I had a new design in my head so I went directly to tape. The themes that interests me most are sandals that cover the majority of the foot (?) I like the most closed style of sandal for daily use (not around the water) they provide the best comfort and lots of air!



So just to be clear; there are way more parts to coordinate then in a typical closed shoe, but as you will see the final "closed upper" look surprisingly familiar.




Although there are many parts, keeping each strap assembly together for the patterns works better than separating every piece.


Each piece has hem & lasting allowances added and the combined strap patterns end up being the lining patterns, there are fewer lining parts than show side parts.




After several hours of skiving I use 3M 2 sided tape # _______ for both the hem and to attach the linings before sewing. The common complaint about 2 side tape is the affect on the sewing machine needle, it is critical to use the thinnest tape meaning the glue is as physically thin as possible thats why I use the # _____. Also it is not a burden to clean the needle with goo gone once each session and I have had good results with Sew-Ease.

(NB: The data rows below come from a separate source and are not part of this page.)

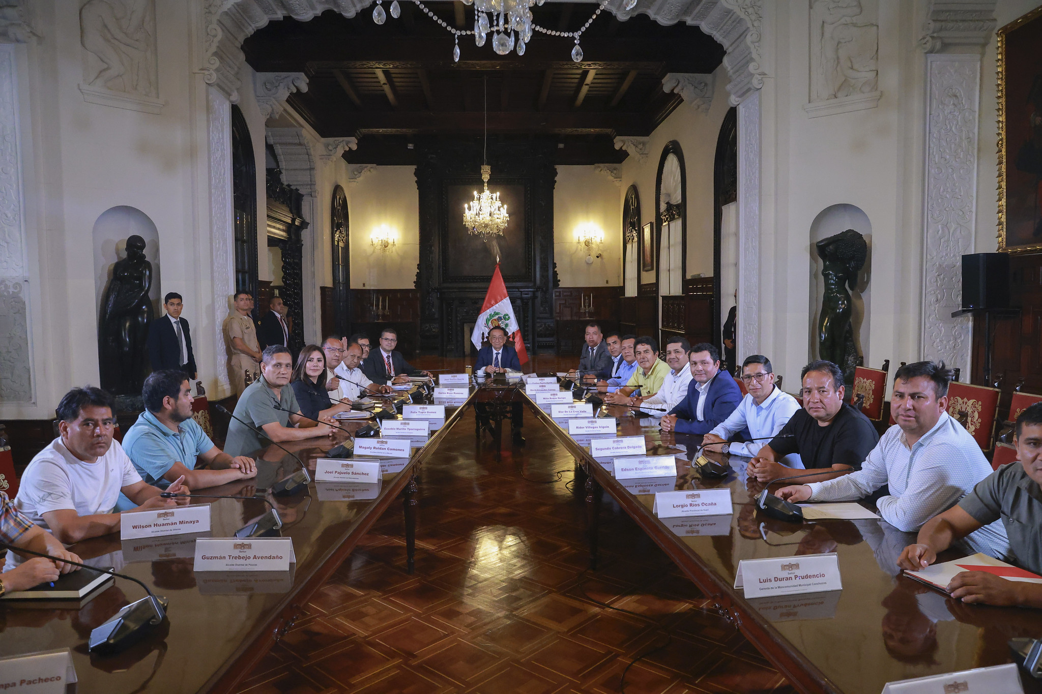 Presidente José María Balcázar reafirma continuidad de obras y proyectos en reunión con la AMPE. Foto: Presidencia de la República.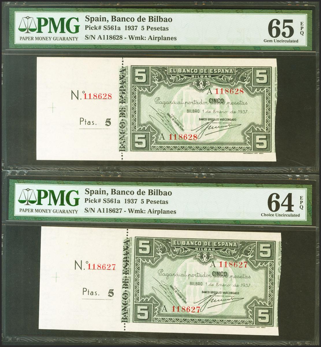 5 Pesetas. 1 de Enero de 1937. Pareja correlativa. Serie A, con matriz a la izquierda y antefirma del Banco Urquijo Vascongado. (Edifil 2021: 386f, Pick: S561a). Apresto original. SC. Encapsulados PMG65EPQ/64EPQ.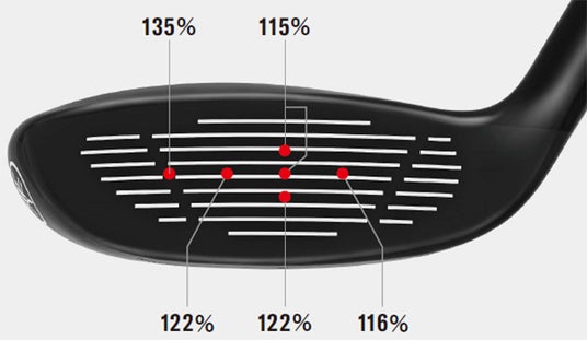 ユーティリティは、フェース素材へのマレージング455の採用と薄肉・偏肉化フェースにより、広範囲にかけての反発性能を向上しています。また、ターゲットを定めやすいつかまり顔のヘッド形状とサイズアップしたヘッド外形で弾道の安定性も向上させました。フェアウェイウッド同様、フェース粗さを強化し、スコアラインの細かなピッチでスピンの安定を図っています。
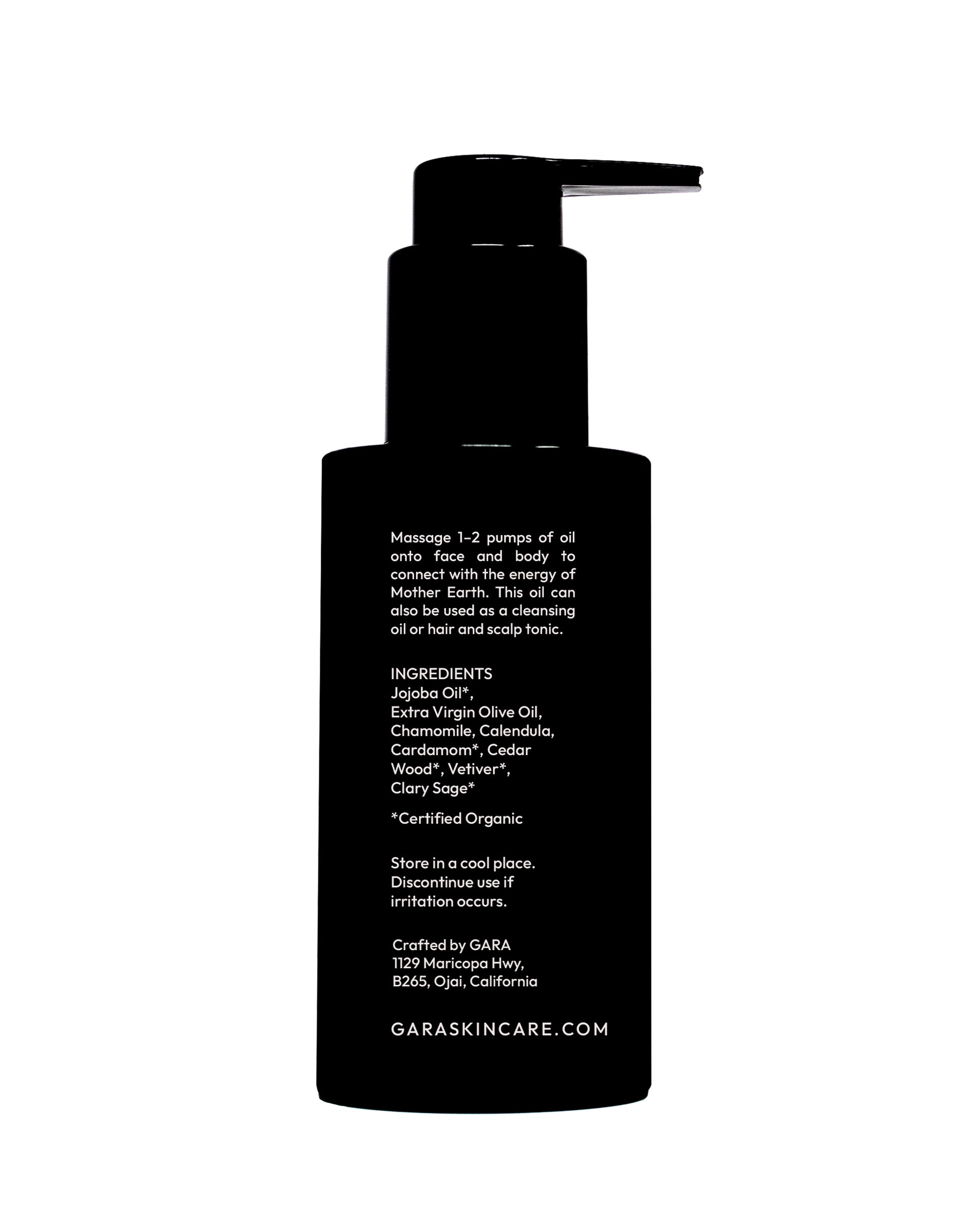 Warm 1-2 pumps in the palm of your hand to release the scent and energy of Mother Earth. Apply to face and body after cleansing. Use the Earth Oil daily to connect with nature and forge a deeper awareness of your inner and outer landscapes.

To the shoe maker these completed "closed" uppers look like what we expect, just in a few more parts.


Because parts of the insole are visible thru the openings the edges have to be finished. Also each of the straps that are lasted over the edges require offsets and channels cut into the insole before edge wrapping. 






Fully lasted with air stapler.


Stitched all around with the McKay 77 for security.





In order to get a tight fitting ground edge on the Vibram out sole I created an over-sized assembly of one layer 10 oz. one layer of Vibram, and one heel riser. I glued them together and clamped them to the lasts overnight. 





Hard to see but they have been ground to match perfectly and the interesting accident is how the leather peels up as it is ground so you have a lip to cover gaps!





The last step is glue the fitted out-soles to the lasted uppers. Here you can see my patented Best Ever clamping solution; Stretch Tape. Stretch tape is cheap and the amount of evenly distributed pressure that can be applied can only be matched by a machine that I don't figure on getting anytime soon.